The recently isolated human WHN gene has been previously assigned to chromosome 17q11-12 using radiation hybrids. In this study, we constructed a YAC contig covering 17q11.2 between crystallinBA1 and neurofibromatosis 1 genes. By ordering known and novel markers, we determined the position of the WHN gene, and of the closely linked retinal 4 and sodium/dicarboxylate cotransporter genes.

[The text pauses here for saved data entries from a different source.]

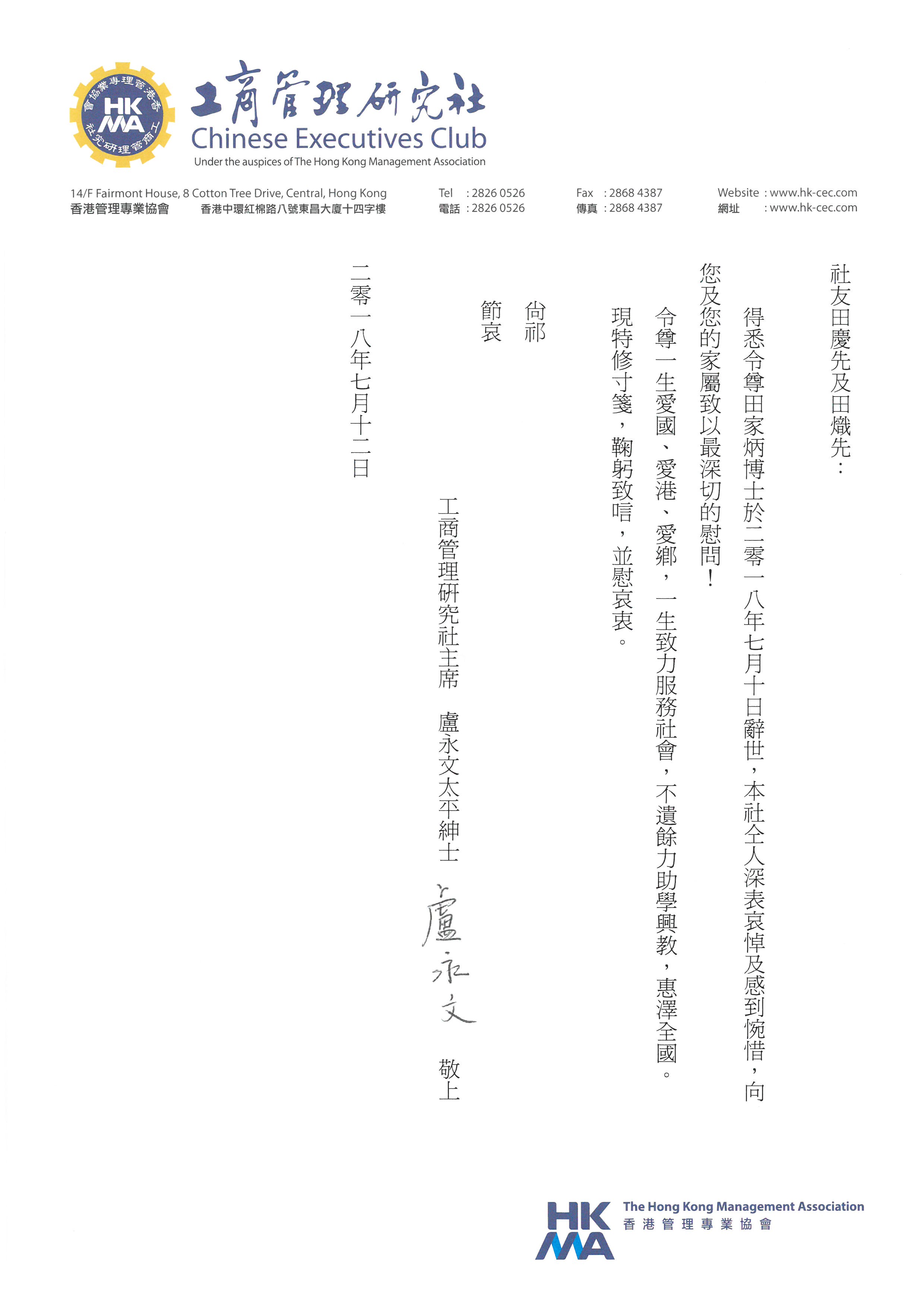 香港梅州總會 會長曾智明 暨全體同仁 |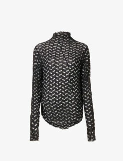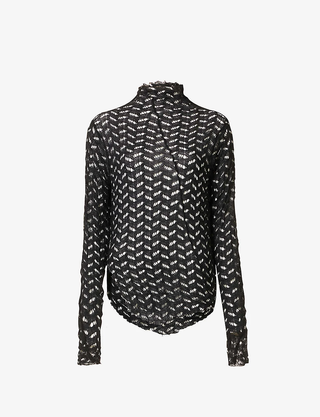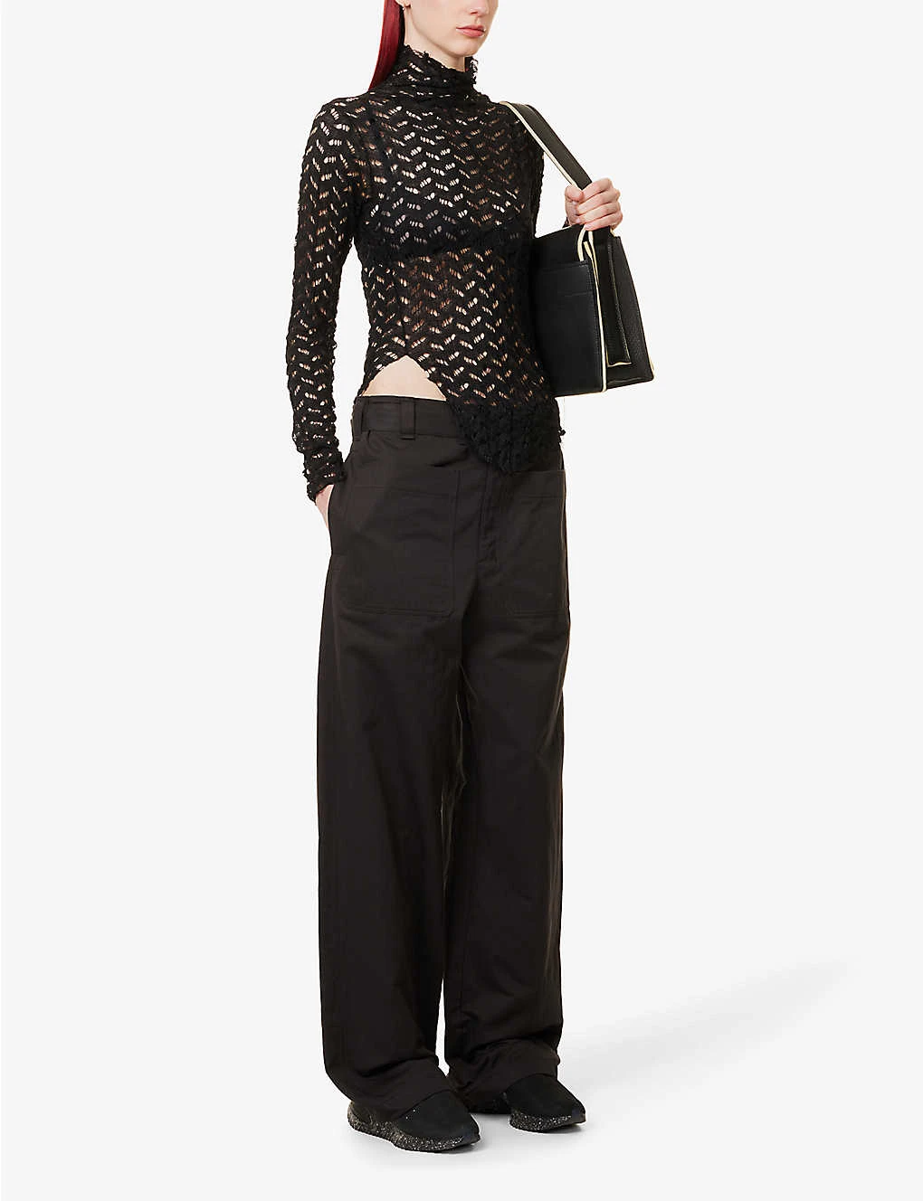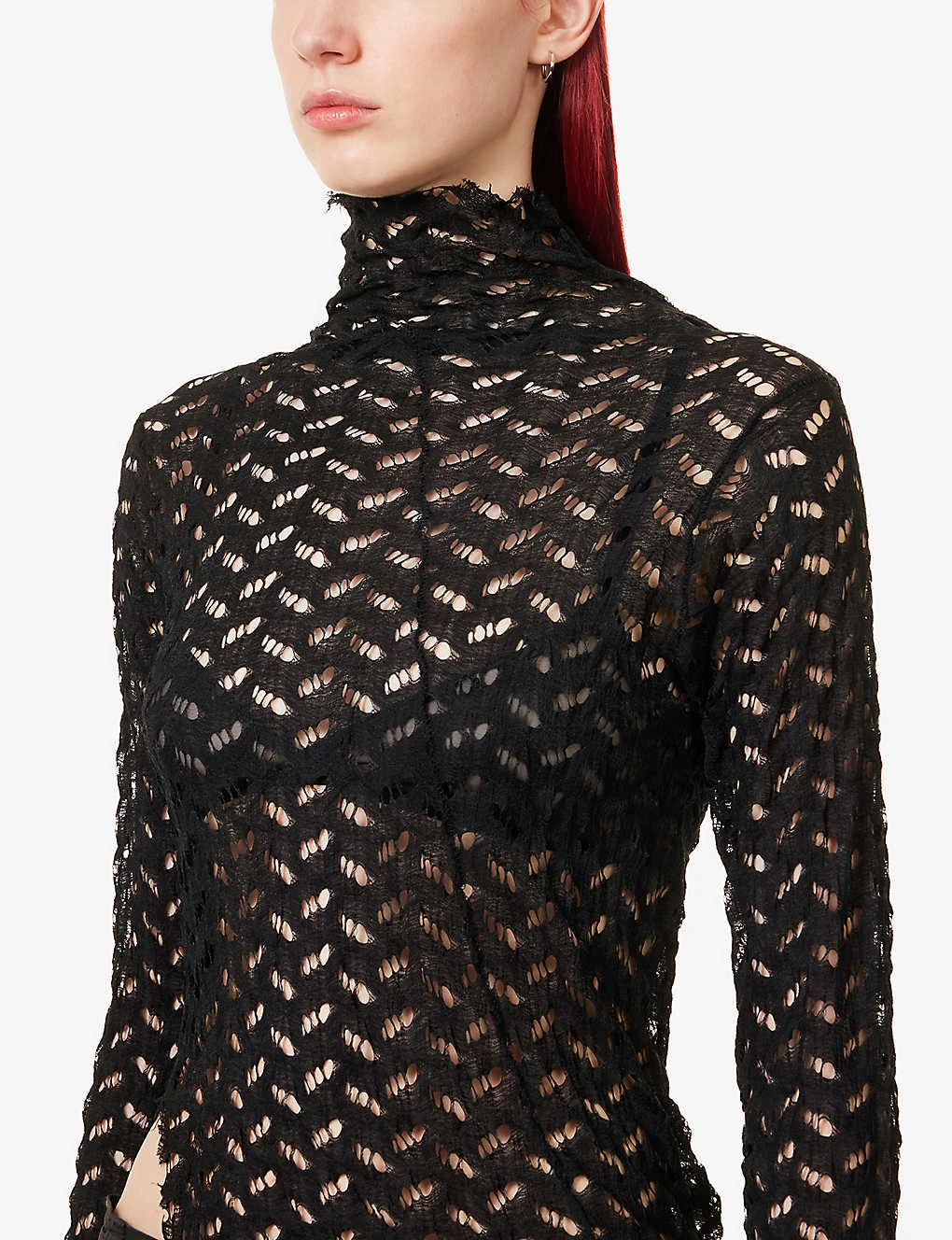 - Slim fit, turtleneck, long sleeves, semi-sheer, fine knit, all-over cut-out panels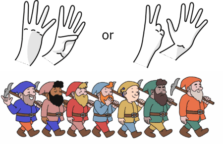 - If you want to emphasise that there are exactly seven dwarfs, you can also use exactly seven fingers. Each finger then stands for a dwarf. To do this, you combine the
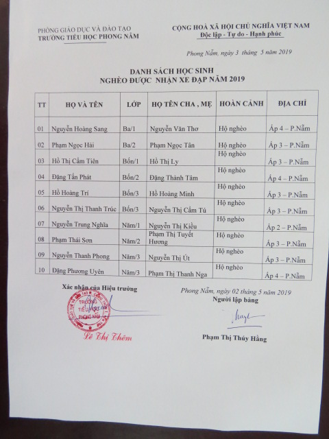 2019 - Bicycles Distribution - TRƯỜNG TIỂU HỌC PHONG NẪM, GIỒNG TRÔM - Phong Nam Elementary school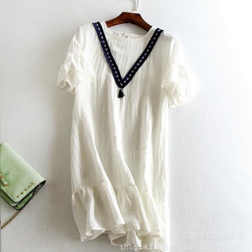 TK33-甜美喇叭袖~V字條鑲邊流蘇墜~韓國東大門熱銷款 棉麻連衣裙 /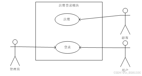 (1)注册登录模块:注册是游客独有的功能,注册后就成了系统的正式用户了,然后正式用户通过前台登录,管理员用户通过后台登录。注册登录模块用例如下图2-1所示。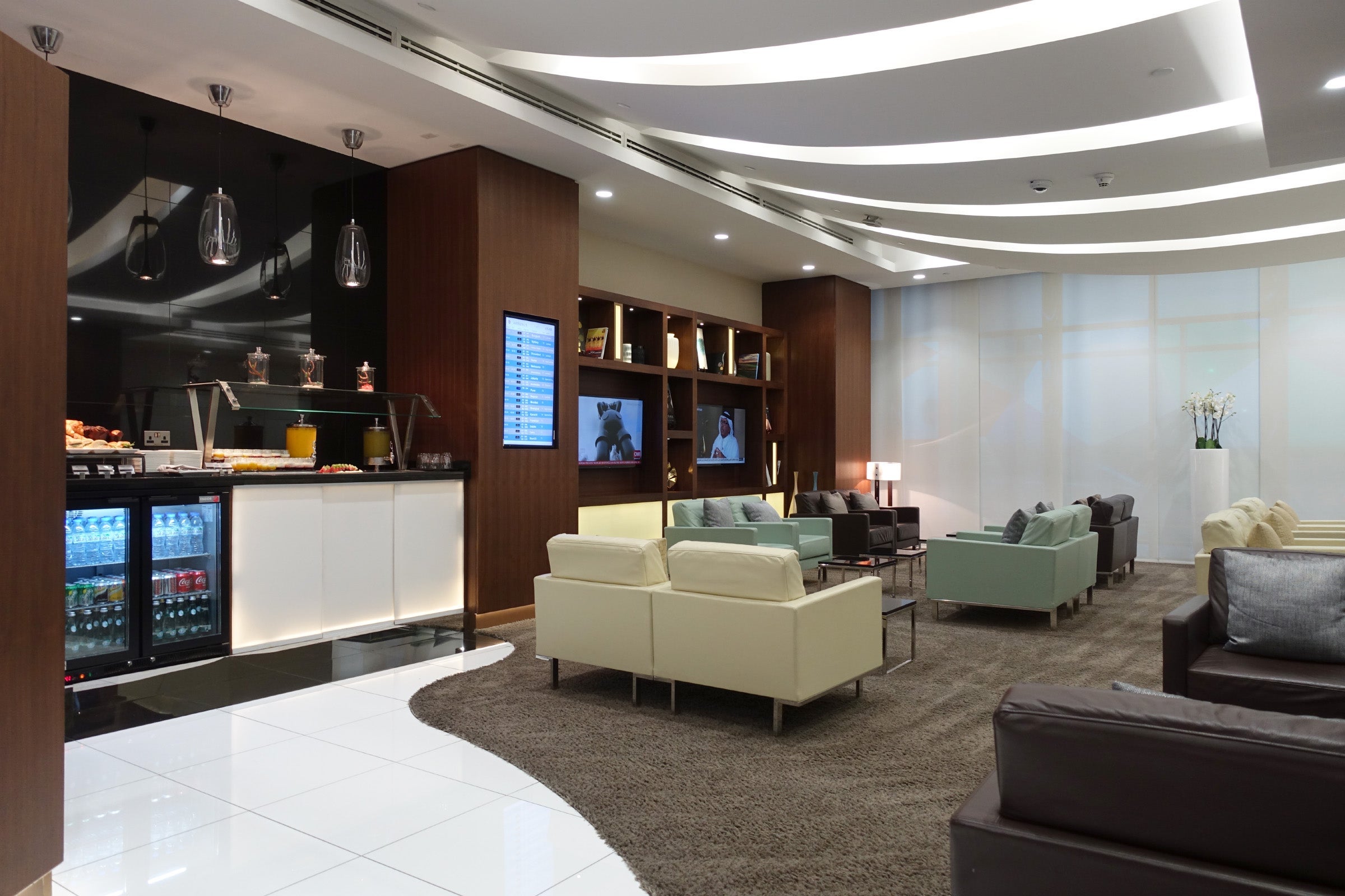 The lounge was completely empty, and offered a small selection of breakfast items, even though it was after sunrise during Ramadan.

We also identified a new mononucleotide polymorphism contained within the untranslated exon 1 of the WHN gene, which may be useful for linkage and LOH studies.
最近分离出的人类WHN基因先前已通过辐射杂种定位到17号染色体q11 - 12区域。在本研究中,我们构建了一个覆盖17q11.2区域的酵母人工染色体(YAC)重叠群,该区域位于晶体蛋白BA1基因和神经纤维瘤病1基因之间。通过排列已知和新的标记,我们确定了WHN基因以及紧密连锁的视网膜4基因和钠/二羧酸共转运体基因的位置。我们还在WHN基因未翻译的外显子1中鉴定出一个新的单核苷酸多态性,这可能对连锁分析和杂合性缺失(LOH)研究有用。